Colocado em 28. Fevereiro 2020 In leigos e família

Para não nos resignarmos a uma Igreja de poucos

Entrevista a Lucía Abril e Javi Nieves, Instituto de Famílias de Schoenstatt, Espanha •

É a hora de vocês, de homens e mulheres comprometidos no mundo da cultura, da política, da indústria… que com o seu modo de viver sejam capazes de levar a novidade e a alegria do Evangelho onde quer que estejam” lê-se na mensagem enviada através do Cardeal Ricardo Blázquez Pérez, Presidente da Conferência Episcopal Espanhola, ao Congresso Nacional dos Leigos, que se realizou em Madrid (Espanha) de 14 a 16 de Fevereiro, com o tema: “Povo de Deus em saída”. A sua mensagem ao Congresso, no qual participam cerca de 16 schoenstatteanos de Espanha, vai no mesmo sentido do discurso do dia 25 de Janeiro, à Rota Romana, que há algum tempo nos move e desperta intercâmbios enriquecedores. —

Um dos oradores do Congresso de Leigos em Madrid (ES) foi Javi Nieves, jornalista da rede COPE, que nos aconselhou sobre o relançamento de schoenstatt.org em 2015; juntamente com a sua esposa, Lúcia Abril, membros do Instituto das Famílias de Schoenstatt. Estamos muito gratos por poder entrevistar ambos sobre alguns dos temas do discurso do Papa Francisco, o papel dos leigos e o papel dos casais na Pastoral de hoje e o que o Espírito Santo desperta no Povo de Deus durante estes dias.

 

Javi Nieves (à direita) no Congresso Nacional de Leigos em Madrid, Espanha, 16/2/2020

 

O Papa Francisco uma vez mais (no seu discurso à Rota Romana) enfatiza a importância do “trabalho pastoral do catecumenado pré e pós-matrimonial”. Além disso, salienta que faz falta que os casais se encarreguem desta Pastoral.

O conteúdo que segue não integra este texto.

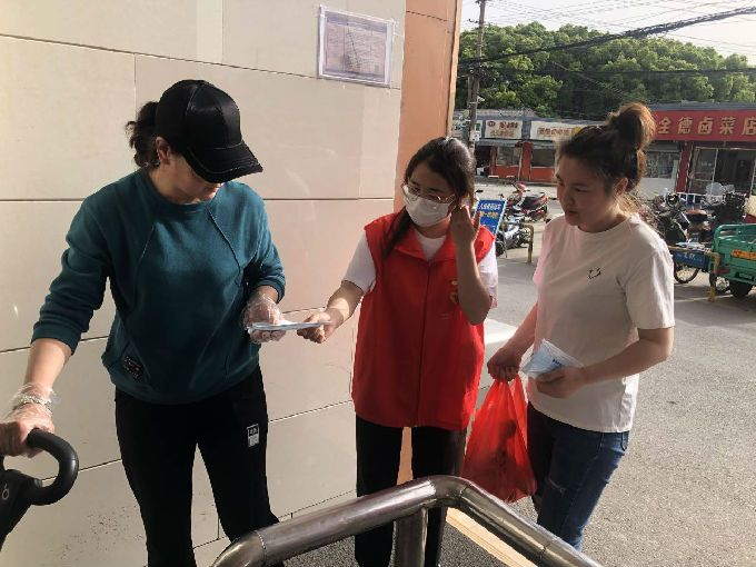 许多社区居民平时出门都是会随身携带口罩,在到人流量多的公共场所时,取出口罩佩戴,也有一些到了贸易市场门口,但是忘记佩戴口罩的社区居民,学生党员们将带到梅园社区的口罩分给要进入贸易市场但没带口罩的社区居民,活动进行的时候,有两位带着孩子的家长准备进入贸易市场,党支部成员提示她们戴口罩时,她们发现忘记携带了,但是很配合学生党员们维持的入场秩序 ,准备回去取口罩,当学生党员递给他们口罩时,她们十分感动,戴好口罩后进入贸易市场。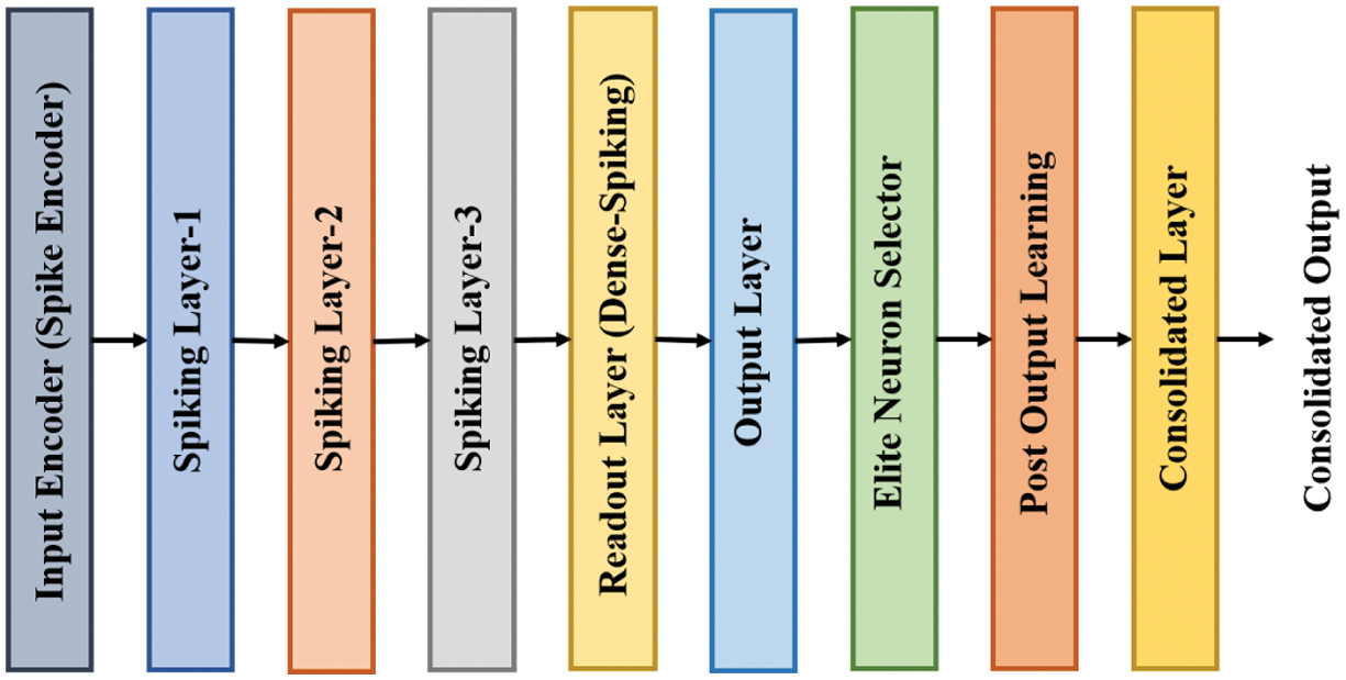 Fig. 3. Architecture of BHLESNN, including spike encoding, hierarchical spiking layers, elite neuron selection, and post-learning consolidation.

Qual é a vossa experiência? A responsabilidade dos casais pela Pastoral de Noivos é algo habitual no vosso ambiente, ou mesmo uma coisa única ou rara?

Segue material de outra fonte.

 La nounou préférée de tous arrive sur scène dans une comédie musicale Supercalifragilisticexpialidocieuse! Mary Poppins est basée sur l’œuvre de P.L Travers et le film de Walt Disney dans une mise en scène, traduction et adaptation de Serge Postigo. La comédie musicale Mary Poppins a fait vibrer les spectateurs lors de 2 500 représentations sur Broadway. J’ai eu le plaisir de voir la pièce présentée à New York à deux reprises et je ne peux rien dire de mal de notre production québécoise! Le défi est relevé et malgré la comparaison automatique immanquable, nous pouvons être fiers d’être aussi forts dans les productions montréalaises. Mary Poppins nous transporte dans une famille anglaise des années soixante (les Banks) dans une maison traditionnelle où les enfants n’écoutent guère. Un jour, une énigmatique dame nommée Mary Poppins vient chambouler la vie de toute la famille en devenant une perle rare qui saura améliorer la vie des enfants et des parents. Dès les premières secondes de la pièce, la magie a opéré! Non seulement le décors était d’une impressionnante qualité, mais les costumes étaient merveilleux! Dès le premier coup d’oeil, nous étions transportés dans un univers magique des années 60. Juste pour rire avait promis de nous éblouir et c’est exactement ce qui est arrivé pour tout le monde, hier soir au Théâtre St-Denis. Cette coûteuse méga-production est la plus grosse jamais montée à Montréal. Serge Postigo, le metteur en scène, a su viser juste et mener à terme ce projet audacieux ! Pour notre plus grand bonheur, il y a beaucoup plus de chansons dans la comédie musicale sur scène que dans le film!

Concordamos plenamente que é necessário que haja casais que se encarreguem deste trabalho pastoral. Em Schoenstatt, graças a Deus, os casais têm uma grande presença e é muito comum que trabalhem, tanto na pastoral de noivos como na dos jovens casais. Na nossa paróquia também encontramos muitos casais que trabalham nestas duas áreas

Quais são as reacções dos noivos ou dos jovens casais ao estarem com um casal ou casais na Pastoral pré-matrimonial?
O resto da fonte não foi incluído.